Answer:
The non-negative zero of the function f(x) is x = 2.
Step-by-step explanation:
For a given function f(x), the "zeros" of the function are the values of x such that:
f(x) = 0
In this case, we have the function:
f(x) = 6*x^2 - 9*x - 6
If we want to find the zeros of this function, we need to solve:
f(x) = 0 = 6*x^2 - 9*x - 6
To solve this, we can use the Bhaskara's formula, which says that for a general quadratic equation:
0 = a*x^2 + b*x + c
The zeros are:
[tex]x = \frac{-b \pm \sqrt{b^2 - 4*a*c} }{2*a}[/tex]

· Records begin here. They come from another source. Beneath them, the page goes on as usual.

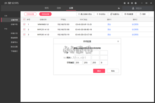 在【設(shè)置>設(shè)備列表>待添加設(shè)備】中,刷新后可以看到未添加的攝像頭。選擇需要修改IP地址的攝像頭,點(diǎn)擊【網(wǎng)絡(luò)配置】,然后輸入新的起始IP地址和網(wǎng)關(guān)。點(diǎn)擊【確定】即可完成修改。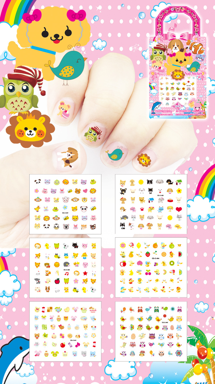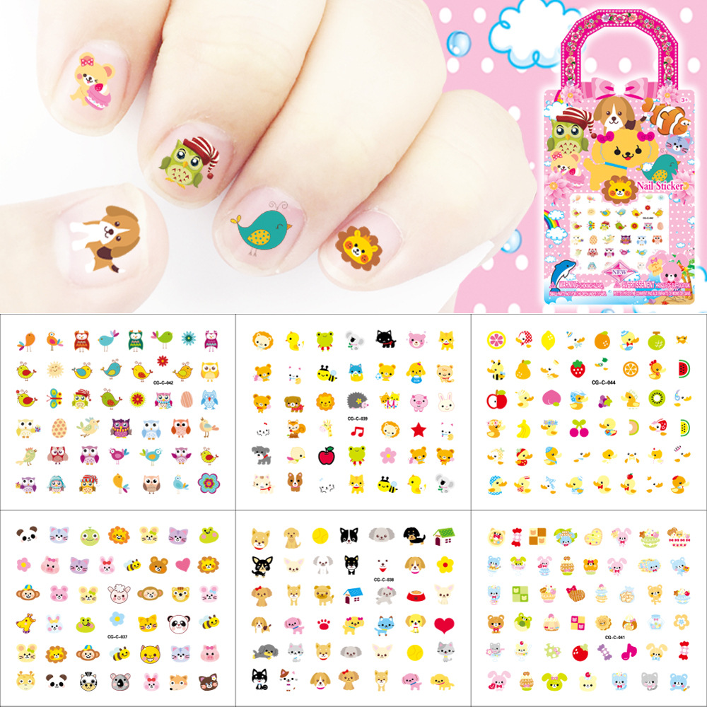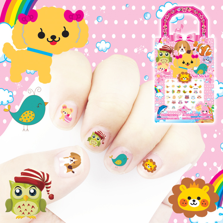국경 간 네일 스티커 어린이 만화 작은 동물 올빼미 오리 네일 스티커 세트 6 방수 네일 아트스토어 가기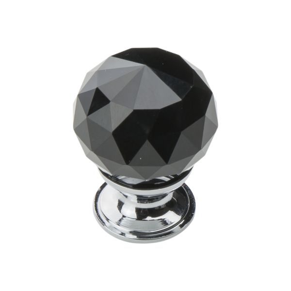 Tuo huonekaluihisi ylellisyyttä ja tyylikkyyttä mustalla ”kristalli” -nupilla. Lasinen pinta ja krominen jalkaosa yhdistyvät luomaan upean kontrastin, joka korostaa huonekalujesi ulkonäköä.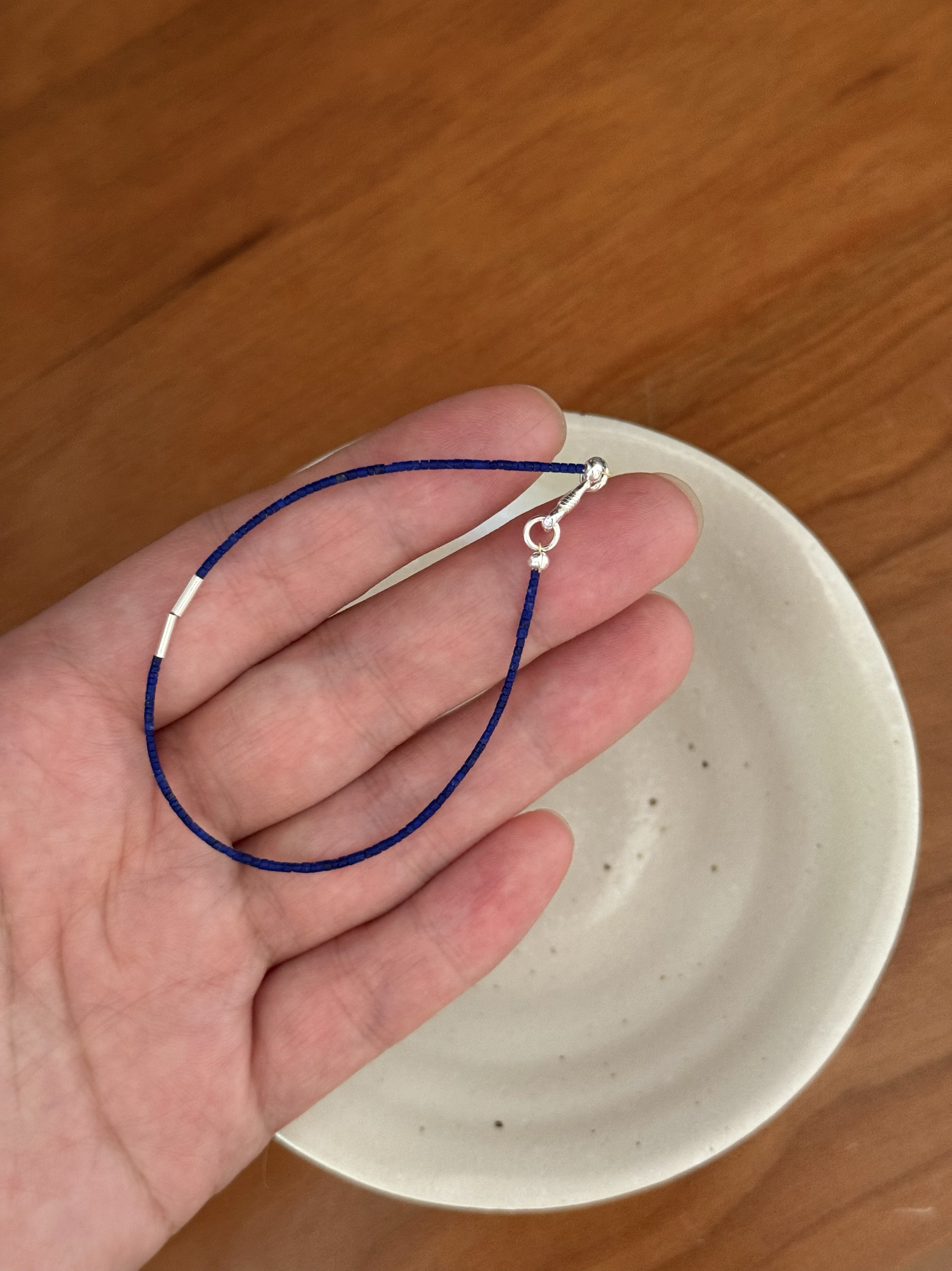 超细天然青金石手链泰银S925银碎银子简约百搭叠带小众蓝色礼物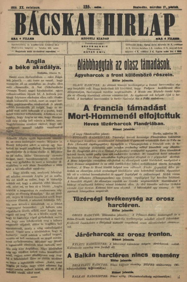 Bácskai Hirlap, 20. évf. 1916. március 17. 125. sz.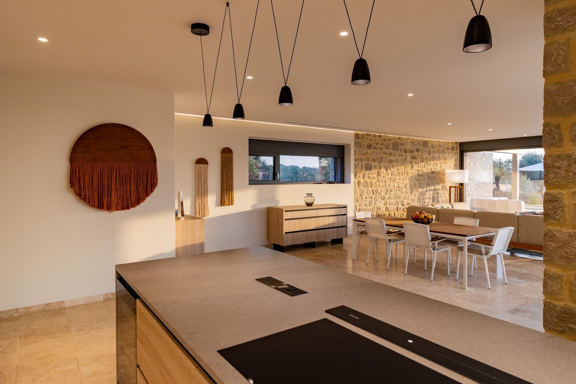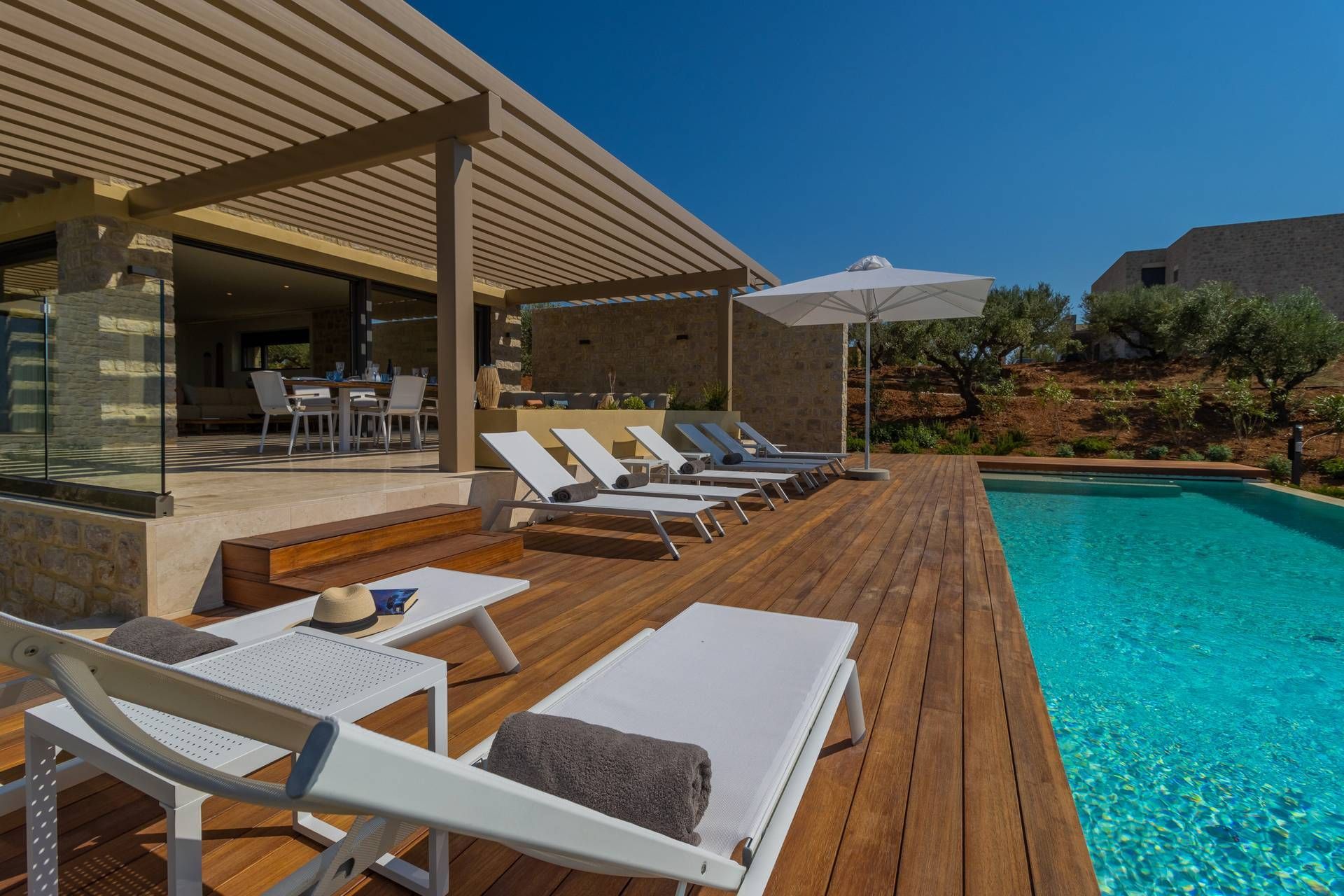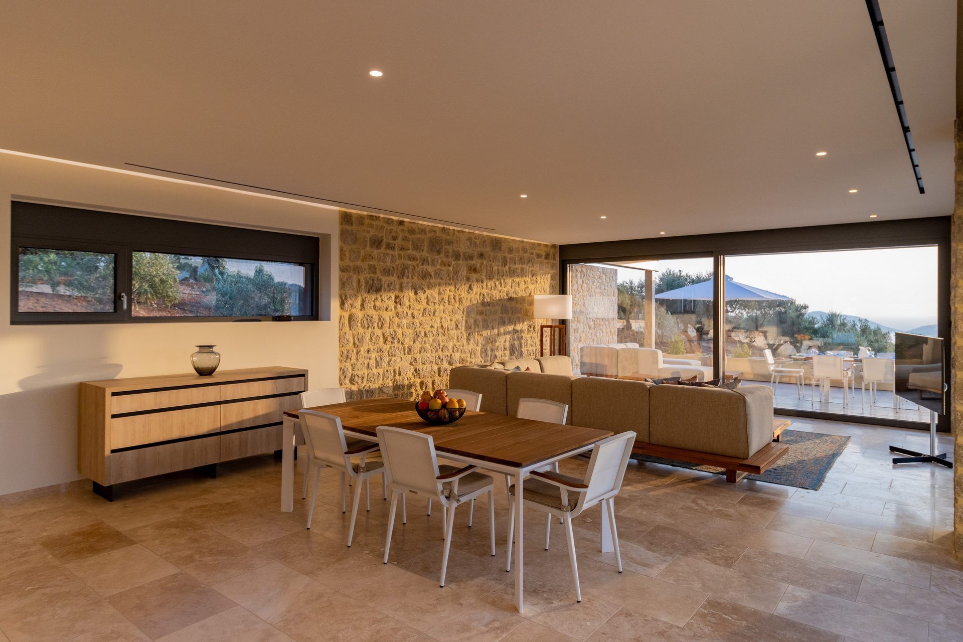 Built of natural materials and indigenous stone, Lillian blends wonderfully with the landscape, making you feel as if it had always been there. The first thing you’ll see from the patio is an impressive infinity pool on a wooden deck surrounded by loungers and umbrellas. A few steps further, you will find the lounge and dining area – totally protected from the sun and winds – waiting to host memorable dinner parties under the starry sky. Don’t forget to make good use of the BBQ and taste local Mediterranean cuisine.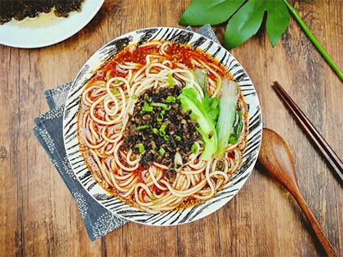 除了火锅,四川还有许多其他具有特色的小吃。比如担担面,这是四川省成都市和自贡市的传统面食小吃。担担面的名字源于摊贩们挑担叫卖的方式。担担面选用的是手工制作的面条,面条细而薄,入口劲道爽滑。上面飘着红油,点缀着芽菜和花生碎等配菜,让整碗担担面更加美味可口。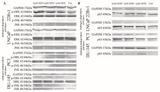 The MAPK signal transduction pathway is highly conserved and plays a critical role in cell growth, differentiation, apoptosis, proliferation, and the response to environmental stress [43]. The results of this study showed that DON activates the MAPK signaling pathway, the phospho-ERK and the phospho-JNK in a concentration-dependent manner. DON is reported to modulate MAPKs in human immune cells [44] and in porcine epithelial cells [45,46]. It was previously observed that DON modulates the MAPK signaling pathway, and this effect is associated with the induction of apoptosis in piglet hippocampal nerve cells [47]. It is also possible that the observed effect of DON in PCa cells is associated with the MAPK signaling pathway.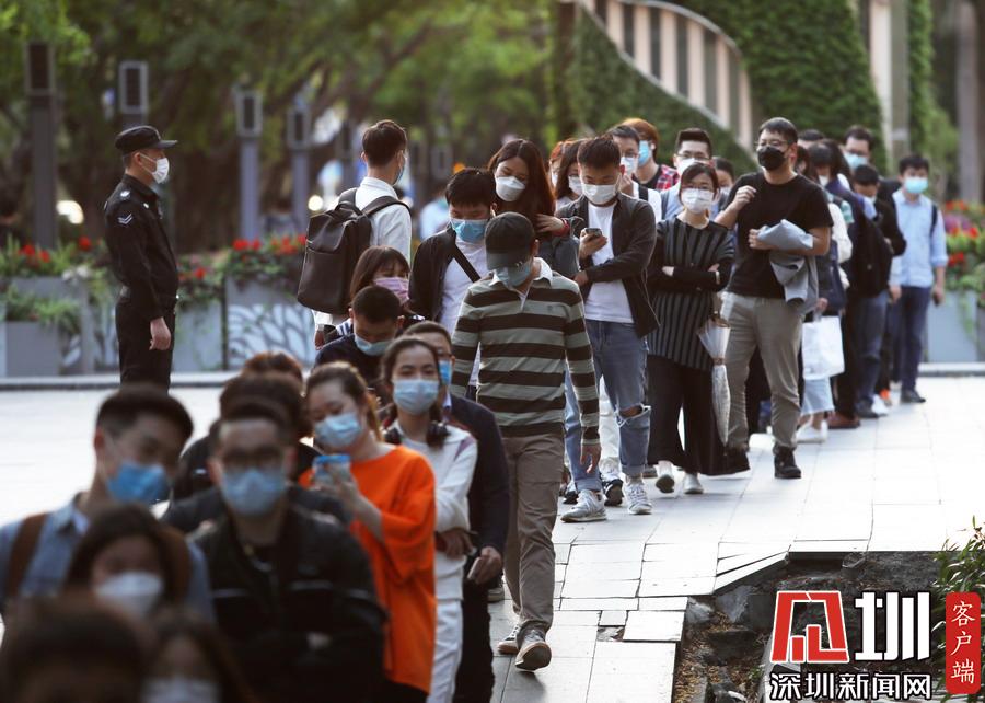 見圳客戶端·深圳新聞網(wǎng)2020年3月19日訊 下班時(shí)間,深圳地鐵一號(hào)線深大站A3出口外,下班后的市民在站外排大排長(zhǎng)龍,依次有序進(jìn)入地鐵站乘坐列車回家。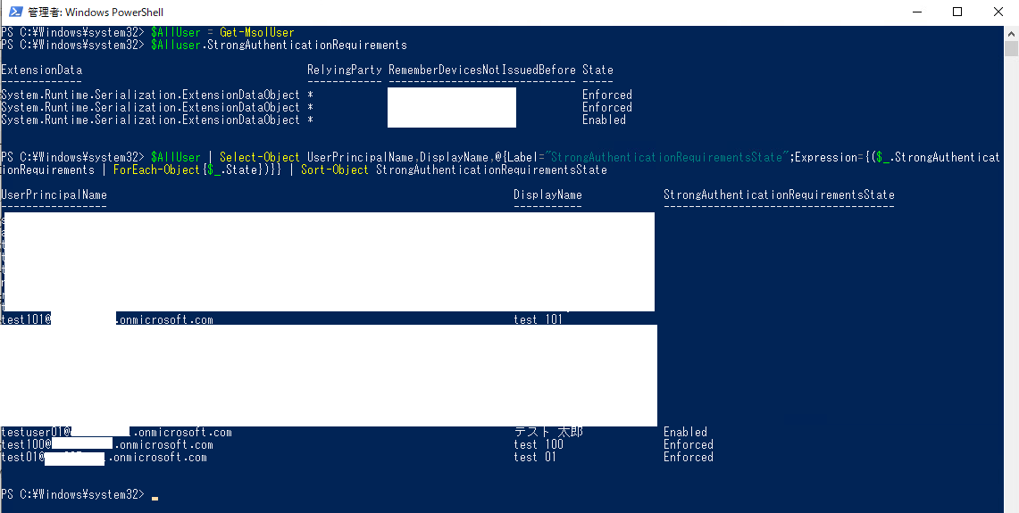 > $AllUser | Select-Object UserPrincipalName,DisplayName,@{Label="StrongAuthenticationRequirementsState";Expression={($_.StrongAuthenticationRequirements | ForEach-Object{$_.State})}} | Sort-Object StrongAuthenticationRequirementsState

In this case our equation is:
0 = 6*x^2 - 9*x - 6
then, in the above notation, we have:
a = 6
b = -9
c = -6
Replacing these in our general formula, we get:
[tex]x = \frac{-(-9) \pm \sqrt{(-9)^2 - 4*6*(-6)} }{2*6} = \frac{9 \pm 15 }{12}[/tex]
Then we have two zeros:
x = (9 + 15)/12 = 24/12 = 2
x = (9 - 15)/12 = -6/12 = -1/2
But we want only the non-negative, so we can discard the second one.
Concluding, the non-negative zero of the function f(x) is x = 2.